MONCKS CORNER — When Yvonne Cooper-Carter heard about a federal program offering help for forest owners who are black, she was wary. When U.S. Agriculture Secretary Tom Vilsack showed up in her community Friday, he faced some pointed questions.
Members of the Cooper family own a total of more than 300 acres in the Cherry Hill community outside Moncks Corner. The land goes back more than 100 years in the family name, rife with stories of Farmers Home Administration discrimination.
For generations, federal farm service lenders defrauded more than 100,000 small farm owners who were black, across the nation but largely in the Southeast. Lenders overpriced loans against land equity to the point where some owners were bankrupted and lost their land. In 2010, after years of legal challenges, the department agreed to a $1.25 billion settlement of lawsuits filed by advocacy groups.
“We talk about this a lot, in terms of the honesty factor,” Cooper-Carter said about her family and the history with the U.S. Department of Agriculture. But she decided she’d take a look at the opportunity to get mentoring and technical service help to manage the family’s traditional farmland as forestland.
Vilsack met with the Cooper family and other members of the Cherry Hill community Friday as presidential candidates combed South Carolina in advance of the two parties’ primaries. The visit was a centerpiece to the announcement of a $3.6 million conservation-oriented support program for private black forest owners, including $2 million in business or non-federal funds.
The program stems from a pilot program launched in the Lowcountry in 2013, which worked with 57 applicants, including Cooper-Carter. About 229 million acres of Southern forest is owned privately, including more than 12 million acres in South Carolina. About 16 million of that is owned by blacks and other minorities, according to federal numbers.
Vilsack’s visit followed his Friday morning announcement at Fort Stewart, Ga., of an overall $720 million program to support 84 conservation projects across the country to improve water quality, soil and habitat. That funding will include $500 million in business or non-federal money, according to a news release.

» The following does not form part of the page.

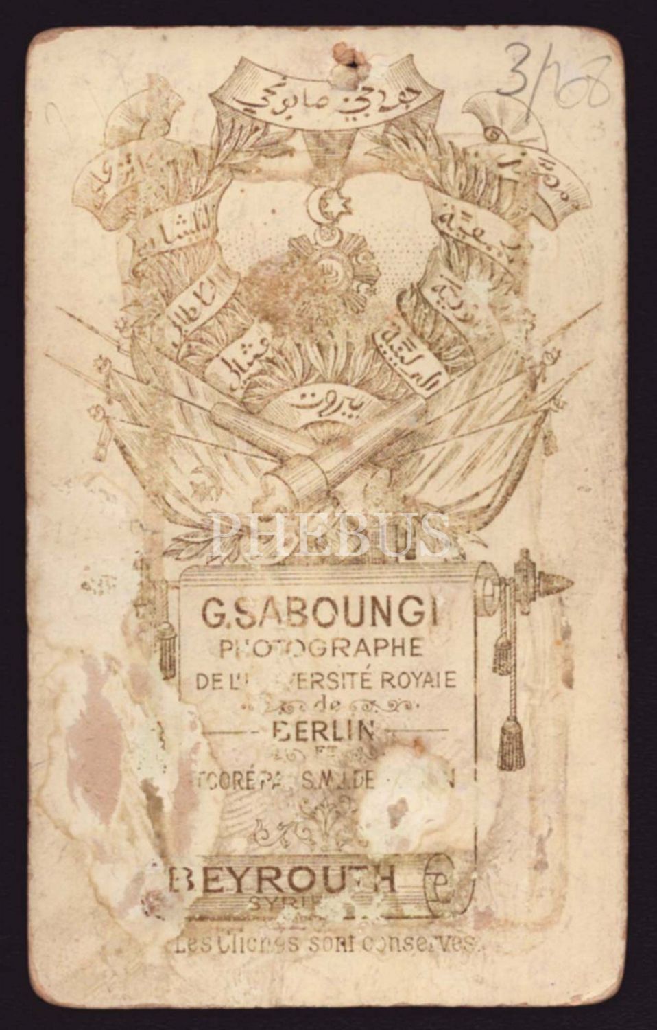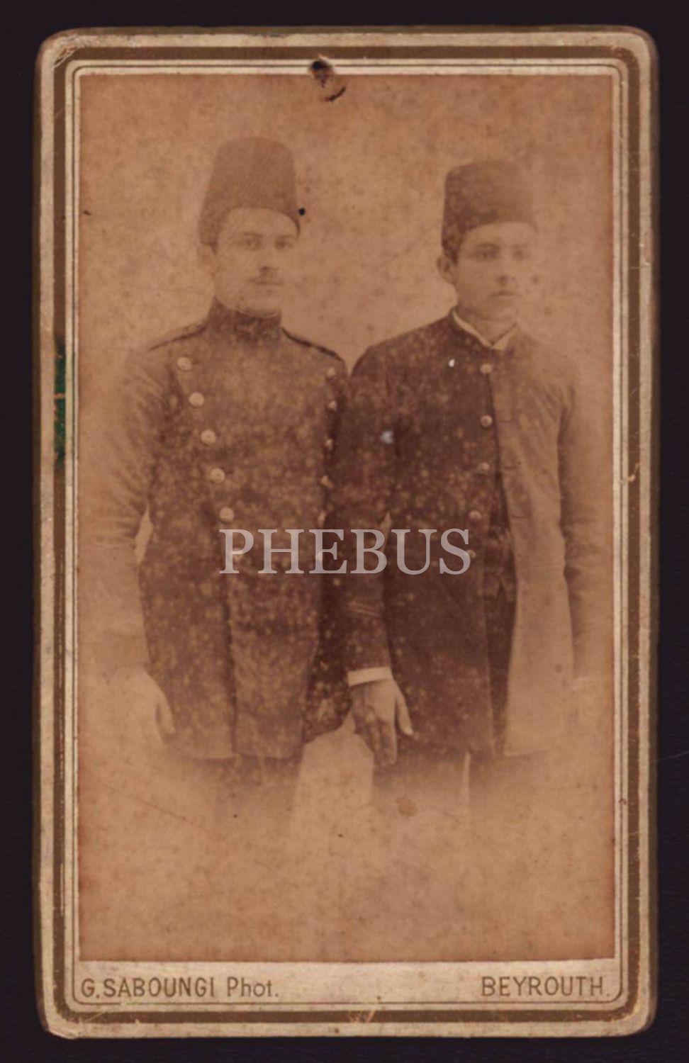Osmanlı subaylarının hatıra fotoğrafı, G. Saboungi Fotoğrafhanesi, Beyrouth (Beyrut), 7x11 cm...

Asked about the timing of the visit a little more than a week ahead of the primaries, Vilsack gave a tiny wry grin and said, “I’m from Iowa. The caucuses are over.” Then he talked about the opportunity for candidates to appreciate the economic importance of conservation in rural areas.
About overcoming the distrust of the department among black farm communities, he said, “We’ve worked really, really hard in the past seven and a half years to create what I call a new era.” The department has targeted resources to lower income farmers and reconstituted its workforce to be more reflective of them, he said.
“I think it’s a different day, and it’s certainly a different USDA.”
For Cooper-Carter, the important part “is having the knowledge, knowing what we can do and how far we can go. Asking questions and then following up,” she said. “Here in South Carolina, forestry is one of the largest industries. Why not give minority landowners the tools and opportunity to keep the industry going? It creates jobs.”
Editor’s note: earlier versions of this story contained an error.